Key details & numbers

  • Platforms impacted: ChatGPT, Microsoft Copilot Studio, Cursor (with Jira MCP), Salesforce Einstein, Google Gemini, Microsoft Copilot.

  • Attack vectors: Hidden prompts in CRM records, Jira tickets, calendar invites and tiny white‑text documents; exploits require zero or one user click.

  • Demonstrated outcomes: Redirected contact emails to attacker domains; stolen API keys and credentials; data exfiltration via images.

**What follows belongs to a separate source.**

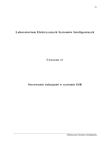 21 Laboratorium Elektrycznych Systemów Inteligentnych Ćwiczenie 11 Sterowanie Ŝaluzjami w systemie EIB ___________________________________________________________________________ Elektryczne Systemy Inteligentne 22 Sterowanie Ŝaluzjami w systemie EIB 1. Wstęp. Celem ćwiczenia jest nauczenie przyszłego uŜytkownika systemu EIB operacji związanych z instalacją i eksploatacją sytemu oraz poznanie jego podstawowych funkcji. W ćwiczeniu wykorzystywane są komponenty systemu EIB, których opis znajduje się poniŜej. 1.1. Zasilacz 320 mA. Zasilacz napięciowy ze zintegrowaną cewką do zasilania magistrali EIB. Zasilacz przystosowany jest do montaŜu na szynie instalacyjnej 35 mm. Parametry techniczne: Napięcie zasilania 230 V AC +10%/-15%, 50..60 Hz, Napięcie wyjściowe 30 V DC ±1%, SELV, Prąd znamionowy 320 mA, odporny na zwarcia, moc 4 VA, masa 0,210 kg. Połączenie z magistralą za pośrednictwem zacisku magistralnego. Rys. 1. Zasilacz 320 mA firmy ABB. 1.2. Łącze RS 232. Łącze szeregowe słuŜy do połączenia komputera PC z magistralą EIB. Łącze montowane jest na porcie magistralnym w puszcze instalacyjnej. Połączenie z komputerem za pomocą 9-polowego złącza RS 232 (standard PC) oraz RS 562 (niektóre notebooki PC). Wybór RS 232 / RS 562 za pomocą przełącznika. Parametry techniczne: Napięcie zasilania 24 V DC, magistrala EIB, wyjście RS 232/RS 562, masa 0,08 kg. Połączenie z magistralą złączem 10pinowym przez port magistralny montowany w puszce. Rys. 2. Łącze szeregowe RS 232 firmy ABB. 1.3. Wyjście binarne 4 x 6 A. 4-kanałowy aktor załączający o budowie modułowej przeznaczony jest do mocowania na szynie 35 mm. Połączenie z magistralą EIB odbywa się poprzez zacisk magistralny. Przy uŜyciu czterech styków moŜna łączyć cztery niezaleŜne grupy urządzeń elektrycznych. Urządzenie nie wymaga dodatkowego zasilania. Przy zaniku napięcia magistralnego aktor moŜe załączyć obwód roboczy (np. oświetlenie robocze lub awaryjne). W ustawieniu standardowym aktor załącza przekaźnik po otrzymaniu telegramu o wartości „1” oraz wyłącza go po otrzymaniu telegramu o wartości „0”. Gdy parametr „sposób załączania”( „Switching mode”) jest ustawiony na „styk rozwierny”, aktor załącza przekaźnik po otrzymaniu telegramu o wartości „0” oraz wyłącza go po otrzymaniu telegramu o wartości „1”. ___________________________________________________________________________ Elektryczne Systemy Inteligentne 23 Parametry techniczne: Napięcie zasilania 24 V DC, magistrala EIB, Wyjścia: 4 wyjścia 6A, 230 V AC, Szerokość montaŜowa 4 moduły po 18 mm, Masa 0,18 kg. Połączenie z magistralą za pośrednictwem zacisku magistralnego. Rys. 3. Wyjście binarne 4 x 6 A firmy ABB. 1.4. Przycisk Triton + IR + wyświetlacz Przycisk wielokrotny przystosowany do montaŜu na porcie magistralnym w puszcze instalacyjnej. Urządzenie posiada 5 przycisków do sterowania np. załączaniem/wyłączaniem, ściemnianiem lub Ŝaluzjami przez wysyłanie komend na magistralę EIB. MoŜliwe jest zaprogramowanie do 6 scen świetlnych. Poszczególne funkcje mogą być obsługiwane za pomocą pilota na podczerwień. Urządzenie posiada wyświetlacz, na którym wyświetlane mogą być informacje o statusie urządzeń oraz róŜnego rodzaju awarie. Wyświetlacz pracuje w trzech trybach: wyświetlanie nadchodzących telegramów, pomoc, wyświetlanie stałe. KaŜdy klawisz posiada wskaźnik stanu w postaci diody LED oraz podświetlane okienko opisowe. 5 Parametry techniczne: INFO IR Napięcie zasilania 24 V DC, magistrala EIB. Elementy sterowania i informacji: − 5 przycisków z 2 stykami kaŜdy, − wyświetlacz na 16 znaków, − 5 dwukolorowych diod LED, − 5 diod podświetlających okienka opisowe, − odbiornik podczerwieni, Masa 0,13 kg. Połączenie z magistralą złączem 10-pinowym przez port magistralny montowany w puszce. Rys. 4. Przycisk Triton firmy ABB. 1.5. Czujnik obecności. Parametry techniczne: 1 lx, PIR Napięcie zasilania 24 V DC, magistrala EIB. Elementy sterowania: − przełącznik, − potencjometr zmierzchowy 5..1000 lx, − potencjometr czasu opóźnienia 10 s..17 min, Masa 0,04 kg. Połączenie z magistralą złączem 10-pinowym przez port magistralny montowany w puszce. Rys. 5. Czujnik obecności ABB. Urządzenie jest sensorem ruchu montowanym na porcie magistralnym w puszcze instalacyjnej. Urządzenie wysyła na magistralę EIB telegramy łączeniowe do aktorów. Czujka posiada przełącznik umoŜliwiający przełączenie urządzenia w 3 tryby pracy ON/AUTOMATIC/OFF. Przełącznik moŜna takŜe zablokować w pozycji neutralnej. Urządzenie posiada z tyłu dwa potencjometry, którymi reguluje się czas opóźnienia oraz wbudowany czujnik zmierzchowy. MoŜliwa jest takŜe regulacja obszaru detekcji. ___________________________________________________________________________ Elektryczne Systemy Inteligentne 24 2. Wykonanie ćwiczenia. W ćwiczeniu naleŜy zaprojektować, zaprogramować i uruchomić sterowanie. Programowana funkcja sterowania Ŝaluzjami zostanie zrealizowana za pomocą sterownika Ŝaluzji JA/S 4.6.1, przycisku Triton 5-cio pozycyjnego (6327) i czujnika obecności oraz wejścia binarnego, np. urządzenia sterującego zaworem ogrzewania 6164 U-500. W ćwiczeniu, z wykorzystaniem urządzeń opisanych we wstępie, wykonać projekt oraz uruchomić instalację, w której będzie realizowany następujący scenariusz postępowania: - Po pierwszym wykryciu ruchu w sali ćwiczeń Ŝaluzje w oknach zostaną otwarte, a następnie automatycznie włączy się oświetlenie. Wyłączenie światła w sali przyciskiem Triton spowoduje natomiast zamknięcie Ŝaluzji. W przypadku zagroŜenia zbyt silnym wiatrem, dzięki zaprogramowanej funkcji bezpieczeństwa dla rolet, rolety zostaną podniesione. Jest to istotne w przypadku, gdy Ŝaluzje zewnętrzne posiadają poziome lamele. Kiedy instaluje się Ŝaluzje zewnętrzne

  • Response: Salesforce patched the Einstein exploit on July 11 after Zenity’s disclosure; Microsoft and OpenAI are investigating but have not promised a timeline for hardening their platforms.

Community reaction

  • On r/MachineLearning, users called the demo “terrifying” and urged companies to disable integrations until proper safeguards exist.

  • Cybersecurity researchers on X highlighted that the attacks circumvent user training entirely, stressing the need for deeper code‑level defenses.

  • A LinkedIn post by an AI ethics researcher noted that prompt‑injection vulnerabilities erode trust in autonomous agents and could slow adoption if left unaddressed.

What’s next / watchlist

Security experts expect more demonstrations at DEF CON and subsequent conferences as researchers probe new AI assistants. Regulators may push for standards around AI agent security, and vendors could introduce “safe mode” toggles or sandboxed connectors. Developers should monitor upcoming patches from OpenAI, Microsoft and Google and consider limiting their agents’ access to critical systems until stronger hard boundaries are established.

FAQs

  1. What is a zero‑click AI exploit?
    A zero‑click exploit uses hidden instructions (prompts) embedded in content to trigger actions in an AI agent without the user clicking or confirming anything.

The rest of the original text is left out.